#### ASSIGNMENT:
The response should consist of the data below, copied exactly, with no pictures in it.

#### DATASET CONTENT:
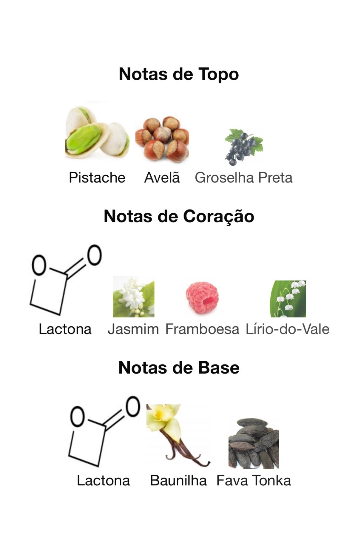 Notas de Fundo: Lactónico, Baunilha, Fava Tonka
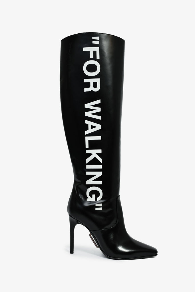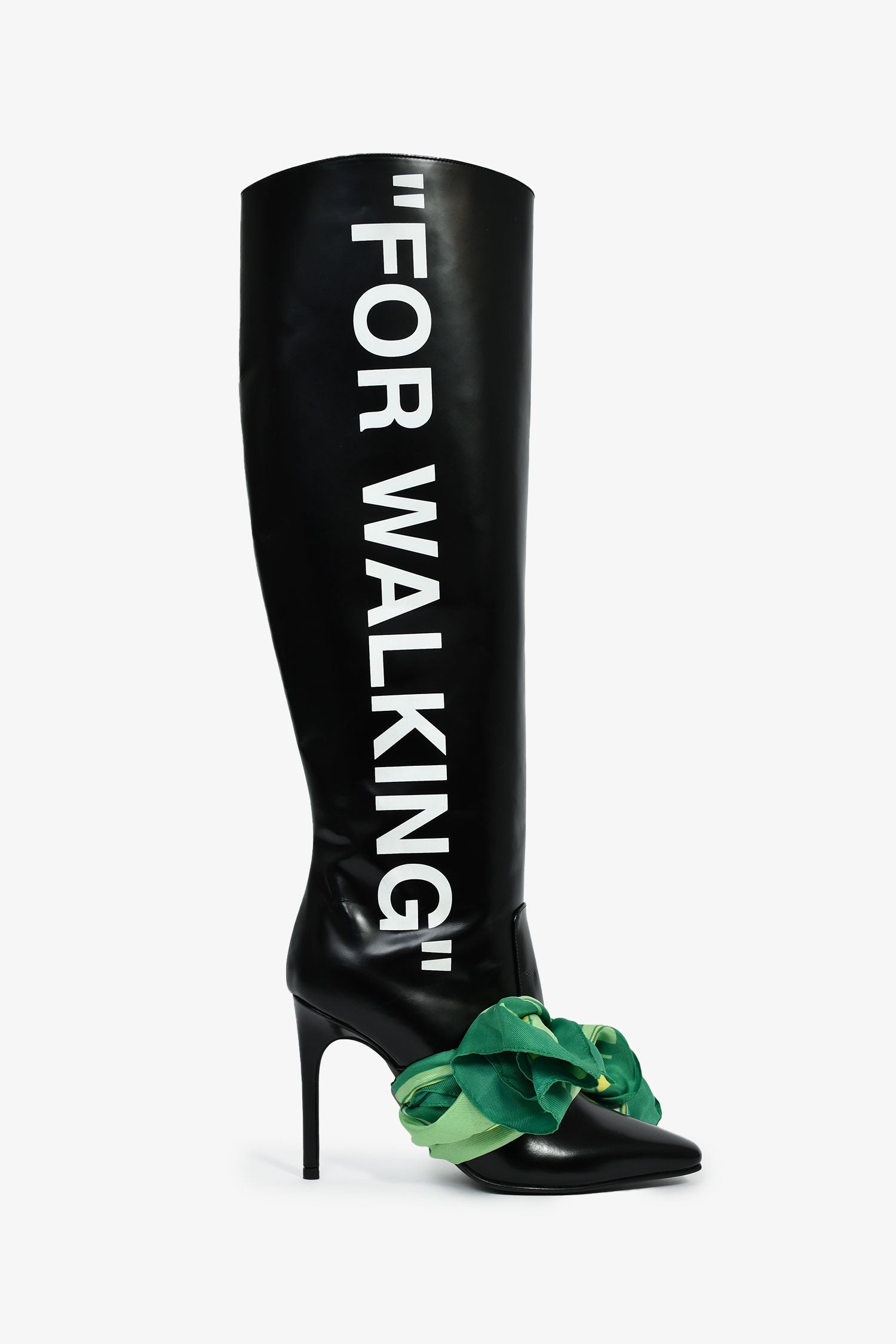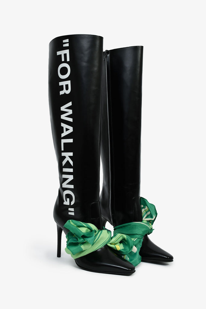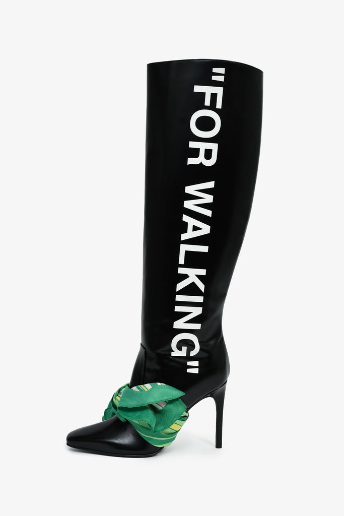 Off-White Black Leather Green Scarf Detail 'For Walking' Heeled Boots Size 36
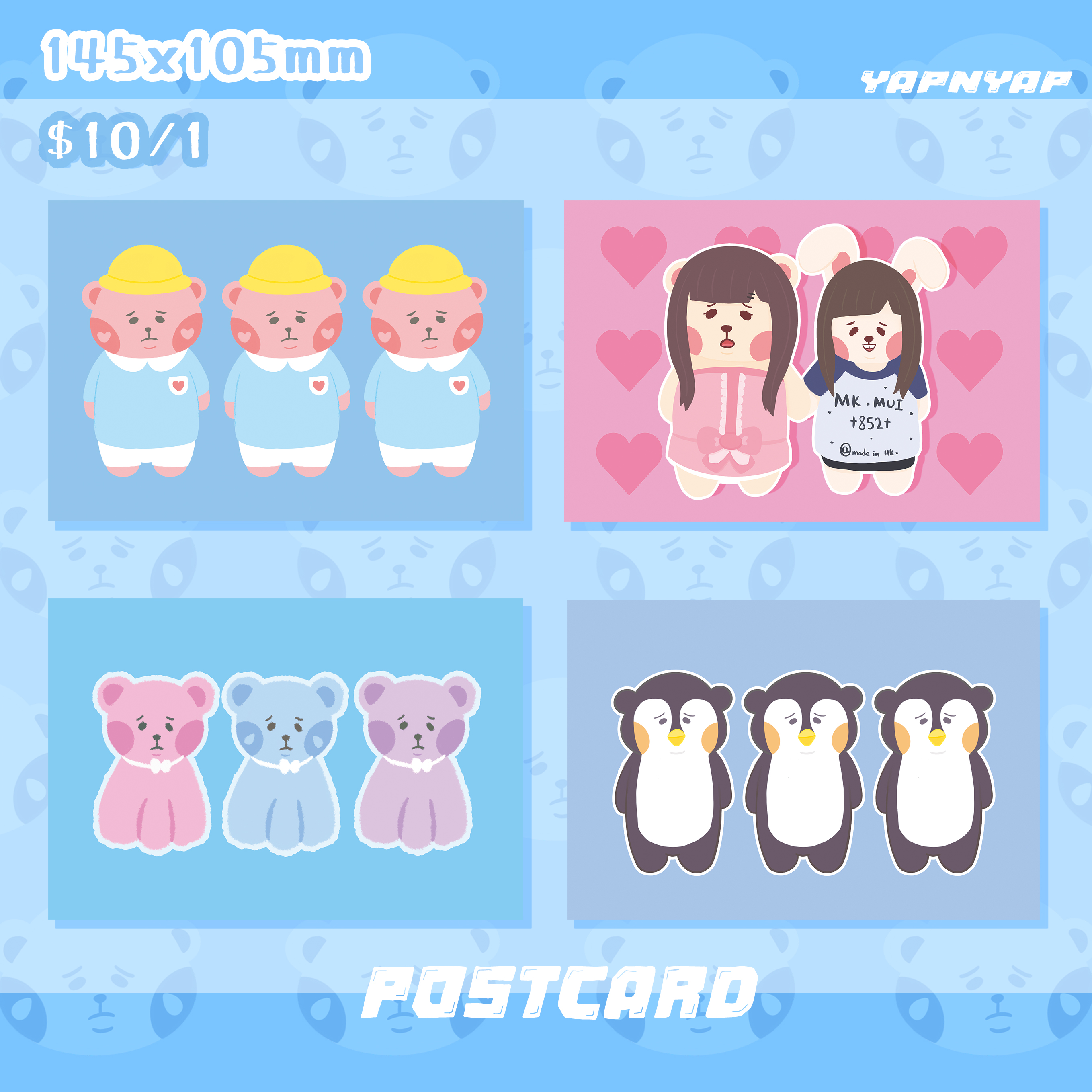 SIZE:約 14.5x10.2CM材質: 銅版紙材質款式:幼稚園小熊|晴天娃娃小熊|企鵝小熊|熊熊壞過凱婷
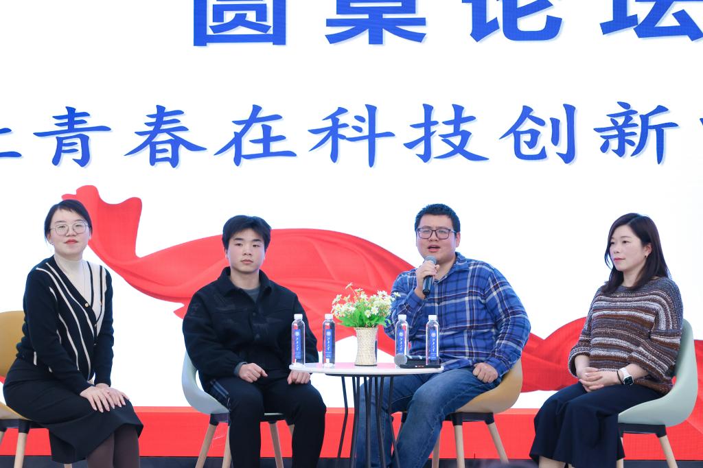 开营仪式结束后,举行了“让青春在科技创新中闪光”为主题的圆桌论坛。物联网工程2004班朱文青以“热爱与坚持”为题,分享了他所在的智能车俱乐部上下同心,在没有最优解、不设上限的智能车竞赛道路上携手并肩、接续奋斗的难忘经历。梁峻阁以“担当与奋进”为题,用鲜活而生动的事例讲述半导体传感器件与集成电路研究团队科技创新的动人故事。来自宽禁带半导体电路与器件团队的李杨老师围绕“突破与超越”,对当下国内半导体制造面临的困境、发展趋势进行分析与思考,勉励同学们要有敢为人先的创新精神,潜心学习专业知识,练就扎实的基本功,为国家科技创新贡献自己的力量。交流互动环节,同学们纷纷就科技热点、学涯规划、就业困惑等方面进行踊跃提问,分享嘉宾们精彩的解答赢得了现场阵阵掌声。
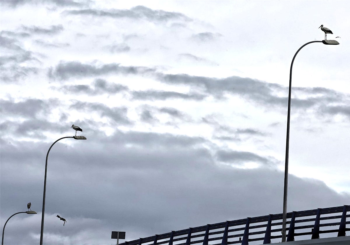 Las cigüeñas ya no pasan de largo por Málaga: un centenar invernan junto a la Hiperronda
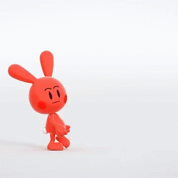 Turma Do Cueio, o coelho vermelho, caminha, se surpreende e acena alegremente.
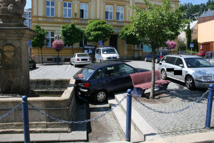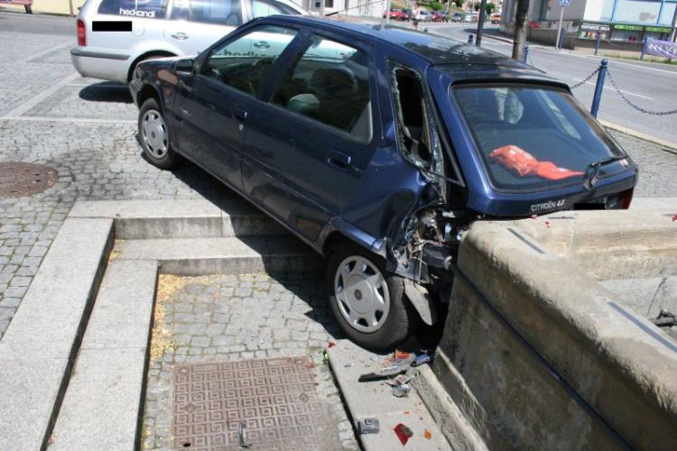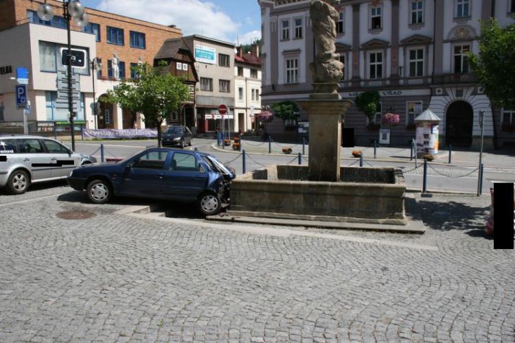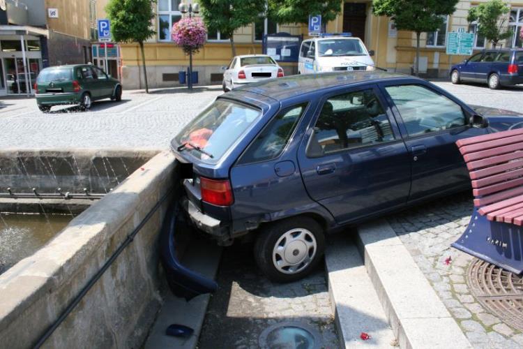 Řidiče zastavila až kašna. Foto: Policie ČR

#### EXERCISE SOLUTION:
 Notas de Fundo: Lactónico, Baunilha, Fava Tonka
 Off-White Black Leather Green Scarf Detail 'For Walking' Heeled Boots Size 36
 SIZE:約 14.5x10.2CM材質: 銅版紙材質款式:幼稚園小熊|晴天娃娃小熊|企鵝小熊|熊熊壞過凱婷
 开营仪式结束后,举行了“让青春在科技创新中闪光”为主题的圆桌论坛。物联网工程2004班朱文青以“热爱与坚持”为题,分享了他所在的智能车俱乐部上下同心,在没有最优解、不设上限的智能车竞赛道路上携手并肩、接续奋斗的难忘经历。梁峻阁以“担当与奋进”为题,用鲜活而生动的事例讲述半导体传感器件与集成电路研究团队科技创新的动人故事。来自宽禁带半导体电路与器件团队的李杨老师围绕“突破与超越”,对当下国内半导体制造面临的困境、发展趋势进行分析与思考,勉励同学们要有敢为人先的创新精神,潜心学习专业知识,练就扎实的基本功,为国家科技创新贡献自己的力量。交流互动环节,同学们纷纷就科技热点、学涯规划、就业困惑等方面进行踊跃提问,分享嘉宾们精彩的解答赢得了现场阵阵掌声。
 Las cigüeñas ya no pasan de largo por Málaga: un centenar invernan junto a la Hiperronda
 Turma Do Cueio, o coelho vermelho, caminha, se surpreende e acena alegremente.
 Řidiče zastavila až kašna. Foto: Policie ČR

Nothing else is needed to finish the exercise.